[[ Information supplied, beginning ]]

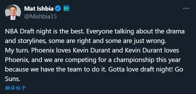 今日,太阳老板马特-伊什比亚发推亲自辟谣道:“NBA选秀夜是最精彩的。每个人都在讨论各种戏剧性事件和故事情节,有些是对的,有些则是错的。
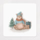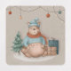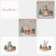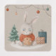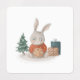 Merry Christmas and happy new year greeting card with cute bunny on a cosy carpet with presents and holiday tree
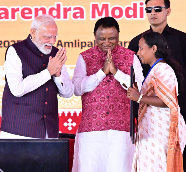 Jharsuguda (Kalinga Voice) : Prime Minister Shri Narendra Modi inaugurated and laid the foundation stone of development works worth over Rs 60,000 crore in Jharsuguda, Odisha today. Addressing the gathering, the Prime Minister offered his respectful greetings to all the distinguished dignitaries present at the event. Highlighting that the festival of Navratri is currently being celebrated, Shri Modi expressed that during these auspicious days, he was fortunate to visit the sacred land of Maa Samalei and Maa Ramachandi and meet the people gathered there. He noted the presence of a large number of mothers and sisters at the event, stating that their blessings are the true source of strength, offering his salutations to the people.
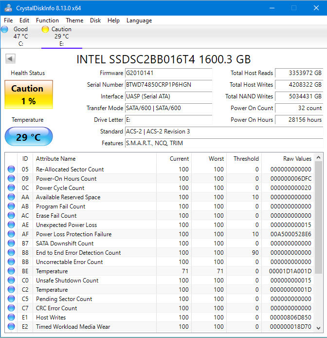 This SSD thinks it’s not very healthy. You can tell from the big yellow rectangle labeled “Caution.” The reason that the SSD doesn’t feel healthy appears in the reporting box labeled “Total Host Writes.” That box says that a host wrote 4,208,322 Gbytes to the drive. That’s more than 4000 Tbytes of data written to a 1.6Tbyte drive, which means that, on average, every Flash memory location on this SSD has been overwritten more than 2600 times. The SSD reports that it’s been powered on for 28156 hours. That’s more than three years of continuous operation, yet this SSD has gone through only 32 power cycles since it was manufactured. Even so, the SSD seems to be performing very well based on the other statistics in the CrystalDiskInfo report. There are no reallocated sectors, no erase failures, no CRC errors, and no end-to-end errors detected. I take that as a testament to the excellent hardware design and the ruggedness of the Intel SSD’s Flash memory. (Note: Intel completed the sale of its NAND Flash and SSD business to SK Hynix late last year, and the assets will move from Intel to SK Hynix over the next few years. Meanwhile, SK Hynix is putting the SSD assets from Intel into a new company named Solidigm.)

[[ Information supplied, end ]]

### Your goal:
Give again, exactly as written above, each line from the one that has "Merry Christmas and" to the one that has "Jharsuguda (Kalinga Voice)", both included; omit the pictures.

### Reply:
 Merry Christmas and happy new year greeting card with cute bunny on a cosy carpet with presents and holiday tree
 Jharsuguda (Kalinga Voice) : Prime Minister Shri Narendra Modi inaugurated and laid the foundation stone of development works worth over Rs 60,000 crore in Jharsuguda, Odisha today. Addressing the gathering, the Prime Minister offered his respectful greetings to all the distinguished dignitaries present at the event. Highlighting that the festival of Navratri is currently being celebrated, Shri Modi expressed that during these auspicious days, he was fortunate to visit the sacred land of Maa Samalei and Maa Ramachandi and meet the people gathered there. He noted the presence of a large number of mothers and sisters at the event, stating that their blessings are the true source of strength, offering his salutations to the people.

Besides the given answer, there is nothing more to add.